INDICATION FOR PROCEDURE:   Patient with suspected carotid stenosis

DESCRIPTION OF PROCEDURE:  After proper explanation of the procedure, its indications, risks and benefits, an informed consent was obtained from Mr and he was taken to the cath lab in fasting state. The patient was prepped and draped in the usual sterile fashion.  IV conscious sedation was induced using cath lab protocol. Right groin area was prepped and draped in the usual sterile fashion.  It was infiltrated with approximately 10 ml of 1% lidocaine and satisfactory local anesthesia was achieved.  Right femoral artery was cannulated using an 18 gauge needle and a 5 French arterial sheath was placed.   Sheath was flushed.

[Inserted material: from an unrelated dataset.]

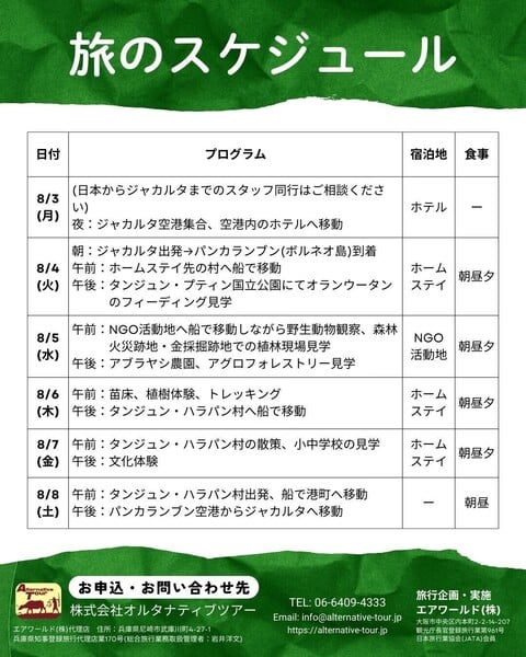 - 8/3~8/8 【ボルネオ島エコツアー!参加者募集中!】

A 5 French pigtail catheter was then advanced through the arterial sheath and placed in the aortic arch.   Arch aortography was performed and thereafter bilateral selective carotid angiography was performed with a JB2 catheter.  At the end of angiography the catheter was removed, sheath was flushed and findings were reviewed. The patient did well.

ARCH AORTOGRAPHY:    This study demonstrated normal contour, course and caliber of aortic arch.  Origins of the right brachiocephalic, left common carotid and left subclavian were visualized and there was no stenosis at the origins of these vessels.

BILATERAL CAROTID ANGIOGRAPHY:
1.		Selective angiography of the right carotid artery demonstrated normal contour, course and caliber of
	right brachiocephalic and right common carotid.  At the origin of the right internal carotid there was a
	moderate calcified plaque.   This was not now-limiting.   Right external carotid was occluded.
2.		Selective angiography of the left carotid artery demonstrated normal contour, course and caliber of the
	left carotid artery.  Minimal plaque was visualized at the origin of the left internal carotid artery.  Carotid
	endarterectomy site was patent.

CONCLUSION:   In summary the patient demonstrates moderate disease a1 the origin of the right carotid artery and minimal plaque in the left internal carotid artery origin.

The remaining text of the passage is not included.